Vector object created successfully.


(D) Creation of chain object.

In [None]:
from langchain.chains.combine_documents import create_stuff_documents_chain
from langchain_core.prompts import ChatPromptTemplate

prompt = ChatPromptTemplate.from_template("""Answer the following question based only on the provided context:

<context>
{context}
</context>

Question: {input}""")

document_chain = create_stuff_documents_chain(llm, prompt)

In [None]:
from langchain.chains import create_retrieval_chain

retriever = vector.as_retriever()
retrieval_chain = create_retrieval_chain(retriever, document_chain)

#### Step 6 - Execution of Queries: Execute the queries within the CHATGPT 4.0 environment to obtain specific details and insights related to Kaggle datasets present in the crawled documents. This step enhances the efficiency of data retrieval.

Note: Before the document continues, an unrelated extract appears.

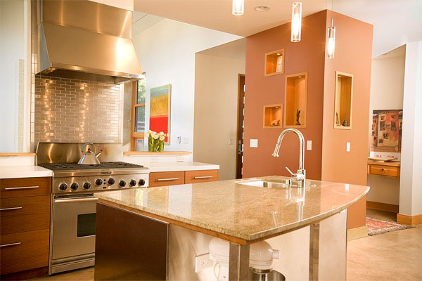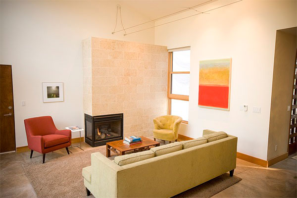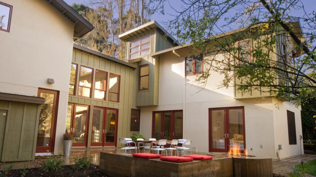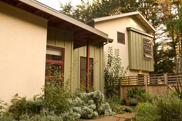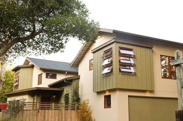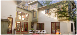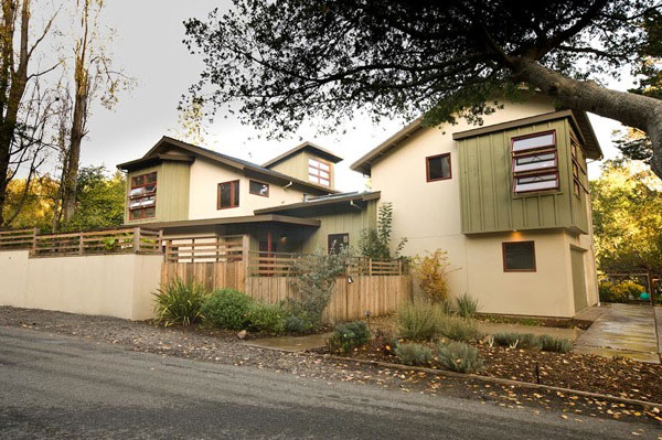 The Mill Valley House is located in a small community near Mill Valley, CA, and this firm’s principal got the full experience of an owner-builder. Not only was he project architect and contractor, but developer as well. The site required a complicated lot split to create a new parcel at the front of a half acre lot that had an existing home at the rear. Design emphasized a budget-conscious contemporary look with a decided green influence, including lots of windows carefully oriented to reduce lighting requirements throughout the day, radiant floors, which eliminated HVAC in a mild climate, reduced fluorescent lighting and bamboo floors. The contemporary look serves a dual purpose. While the house hints at a familiar farm house vocabulary, with gable roofs and board and batten siding, it also incorporates contemporary features such as awning windows and a flowing floor plan. It’s unique look and reduced detailing, thereby eliminating typically expensive finish work such as crown molding or wainscoting.

(A) Creating a query so that we can fetch the data in the desired format.

In [None]:
query = """
Give me all the Kaggle datasets form link with its description from the text that you have.
Give me all possible datasets.
Format should be like this:
index : Serial number of the dataset
(next line)
dataset_name : Name of the dataset
(next line)
description : Description of the dataset
(next line)
link : Link of the dataset
(next line)
"""

In [None]:
response = retrieval_chain.invoke({"input": query})
answer = response["answer"]

In [None]:
print("-"*200)
print("The answer is :")
print("-"*200)
print(answer)

--------------------------------------------------------------------------------------------------------------------------------------------------------------------------------------------------------
The answer is :
--------------------------------------------------------------------------------------------------------------------------------------------------------------------------------------------------------
The text does not provide any Kaggle datasets or their descriptions.


### Conclusion :


The utilization of the language model (LLM) for the creation of a comprehensive dataset faces limitations, as evidenced by the incapability of crawling Kaggle URLs using the Beautiful Soup loader within llama_index.

Consequently, the RAG-based approach proves unfeasible for constructing the Kaggle dataset.

The hindrance arises from the inability to access Kaggle URLs through the specified Beautiful Soup loader implemented by llama_index, rendering the proposed methodology impractical for dataset generation.